• [WHAT IS EXPECTED]:
The line containing "入試過去問(解答)(1ページ目)|高槻中学校の入試過去問" marks the end; return exactly every line from the start of the records up to and including it, but no pictures.

• [TASK INPUT]:

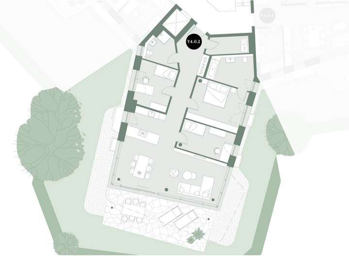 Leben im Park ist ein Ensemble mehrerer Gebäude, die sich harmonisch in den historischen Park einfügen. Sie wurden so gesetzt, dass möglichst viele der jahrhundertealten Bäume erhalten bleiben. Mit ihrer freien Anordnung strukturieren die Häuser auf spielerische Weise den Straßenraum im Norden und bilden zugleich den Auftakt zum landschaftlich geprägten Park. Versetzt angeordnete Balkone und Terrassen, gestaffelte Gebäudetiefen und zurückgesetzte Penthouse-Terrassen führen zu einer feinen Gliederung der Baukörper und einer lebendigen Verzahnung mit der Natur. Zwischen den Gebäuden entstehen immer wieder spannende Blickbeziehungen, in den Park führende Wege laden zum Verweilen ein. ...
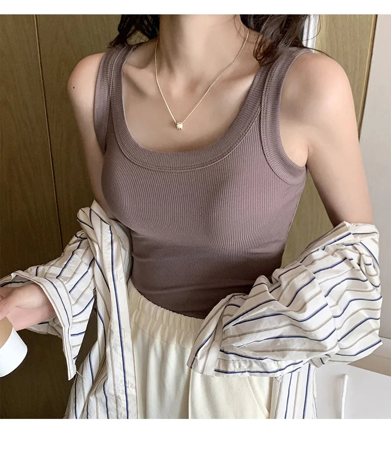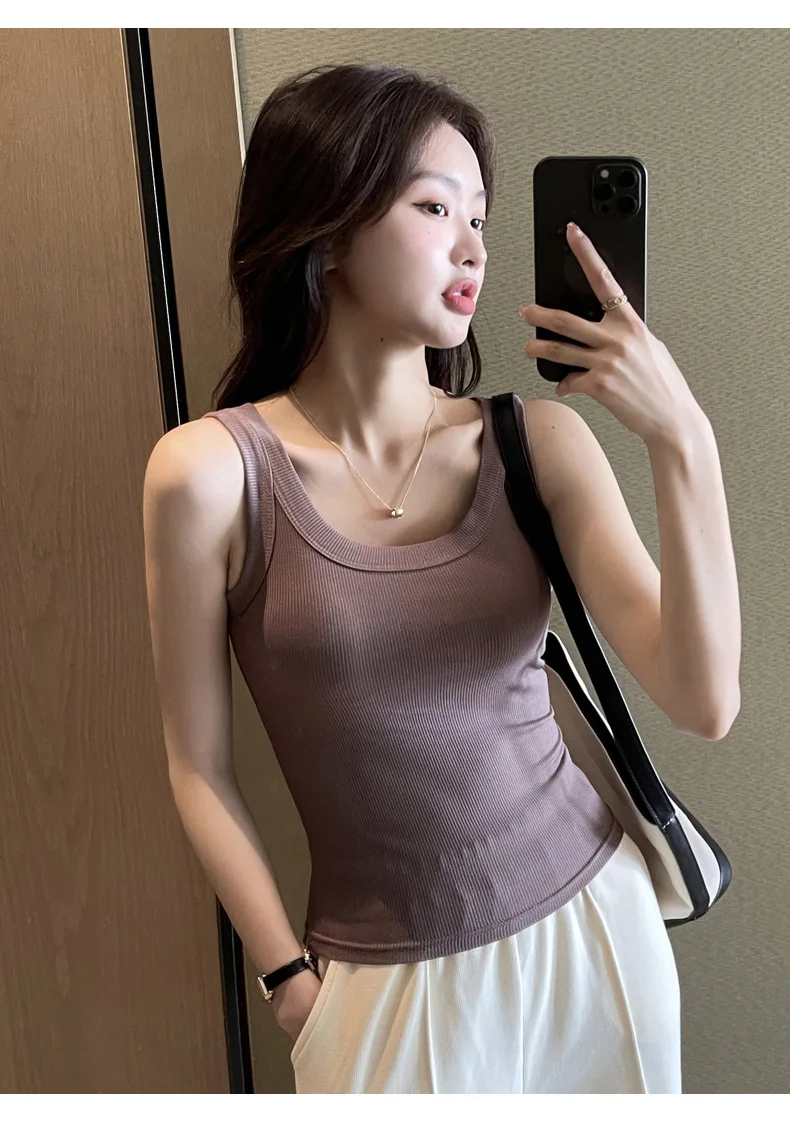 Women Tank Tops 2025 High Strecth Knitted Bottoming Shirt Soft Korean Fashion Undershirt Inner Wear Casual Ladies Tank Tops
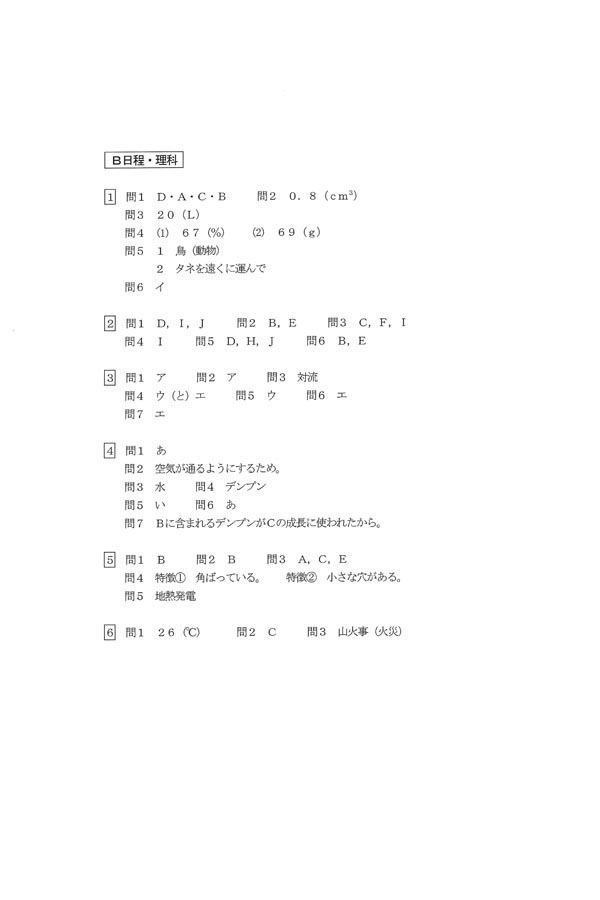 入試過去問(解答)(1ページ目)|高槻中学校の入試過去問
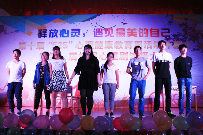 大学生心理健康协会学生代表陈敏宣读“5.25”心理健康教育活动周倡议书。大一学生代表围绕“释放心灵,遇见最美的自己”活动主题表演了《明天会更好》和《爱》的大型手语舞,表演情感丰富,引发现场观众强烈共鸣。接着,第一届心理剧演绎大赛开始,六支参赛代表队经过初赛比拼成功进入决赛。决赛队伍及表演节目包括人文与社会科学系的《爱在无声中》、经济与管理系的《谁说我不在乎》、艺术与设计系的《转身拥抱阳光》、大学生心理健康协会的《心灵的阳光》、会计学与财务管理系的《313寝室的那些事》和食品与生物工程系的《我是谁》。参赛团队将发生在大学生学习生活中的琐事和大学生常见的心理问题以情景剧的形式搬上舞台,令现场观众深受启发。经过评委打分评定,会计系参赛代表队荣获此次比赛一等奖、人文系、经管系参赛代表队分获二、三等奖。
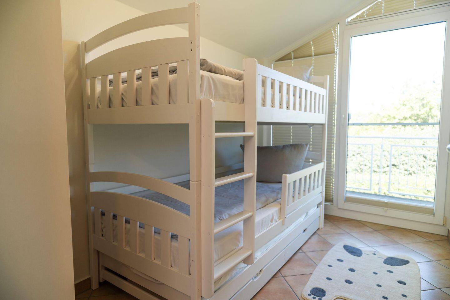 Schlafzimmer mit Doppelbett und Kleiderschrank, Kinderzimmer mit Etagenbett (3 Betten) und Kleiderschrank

• [ANSWER TO THE EXERCISE]:
 Leben im Park ist ein Ensemble mehrerer Gebäude, die sich harmonisch in den historischen Park einfügen. Sie wurden so gesetzt, dass möglichst viele der jahrhundertealten Bäume erhalten bleiben. Mit ihrer freien Anordnung strukturieren die Häuser auf spielerische Weise den Straßenraum im Norden und bilden zugleich den Auftakt zum landschaftlich geprägten Park. Versetzt angeordnete Balkone und Terrassen, gestaffelte Gebäudetiefen und zurückgesetzte Penthouse-Terrassen führen zu einer feinen Gliederung der Baukörper und einer lebendigen Verzahnung mit der Natur. Zwischen den Gebäuden entstehen immer wieder spannende Blickbeziehungen, in den Park führende Wege laden zum Verweilen ein. ...
 Women Tank Tops 2025 High Strecth Knitted Bottoming Shirt Soft Korean Fashion Undershirt Inner Wear Casual Ladies Tank Tops
 入試過去問(解答)(1ページ目)|高槻中学校の入試過去問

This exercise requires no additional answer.